TECHNOLOGIE 3: Linear Regression

In [18]:
model3.fit(x3_train,y_train)
a=model3.score(x3_train,y_train)
print("accuracy score on train:",a)
x1_test=x_test.to_numpy()
x3_test=x1_test[:,x2]
a2=model3.score(x3_test,y_test)
print("accuracy score on test:",a2)
y_pred=model3.predict(x3_test)
# calculation of MMRE and Pred(25%) indicators
ABE=abs(y_test-y_pred)
MRE=ABE/y_test
import statistics
MMRE= statistics.mean(MRE)
a=[]
for i in MRE:
    if i<=0.25:
        a.append(1)
    else:
        a.append(0)

Pred=sum(a)/len(a)
print("the MMRE indicator of this model is:",MMRE ,"%")
print("the indicator PRED(25%) of this model is:",Pred ,"%")

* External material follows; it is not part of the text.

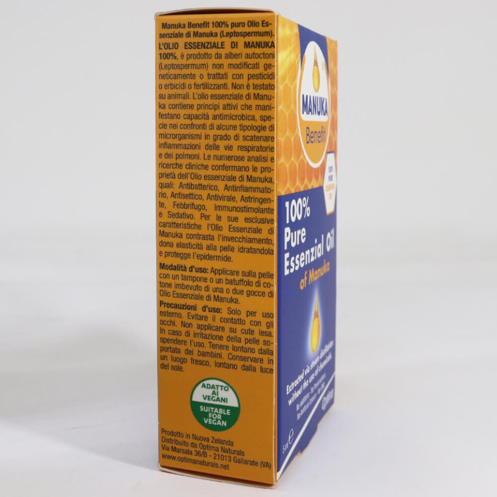 L’olio essenziale di Manuka è ottenuto mediante idrodistillazione delle foglie fresche di Leptospermum scoparium, senza l’utilizzo di solventi o sostanze chimiche. Questa specie è autoctona delle aree costiere della Nuova Zelanda ed è apprezzata per il suo profilo aromatico caldo, speziato ed erbaceo.
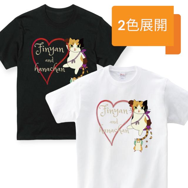 男女兼用 黒白2カラー有 夏 綿 猫 黒猫 猫グッズ ゆったりフィット 半袖Tシャツ ハートフィニャン ノゴロー0506

accuracy score on train: 0.832078959502604
accuracy score on test: 0.854037115102271
the MMRE indicator of this model is: 0.14295503251606848 %
the indicator PRED(25%) of this model is: 0.8571428571428571 %


# Conclusion


The evaluation of various regression techniques for predicting software development effort unveils interesting insights. Linear regression and decision tree algorithms emerge as frontrunners, showcasing comparable performance metrics on the test dataset after employing feature selection. However, prior to feature selection, linear regression demonstrates superior accuracy (94%) compared to other methods such as Decision Tree (87%) and KNN (79%). Notably, linear regression also exhibits a lower Mean Magnitude of Relative Error (MMRE) at 11% pre-feature selection and 14% post-feature selection, indicating its robustness. By juxtaposing linear regression's performance pre and post feature selection, it becomes evident that linear regression consistently outperforms other techniques. Consequently, the study concludes that linear regression stands as the optimal classifier for this particular software development effort prediction task.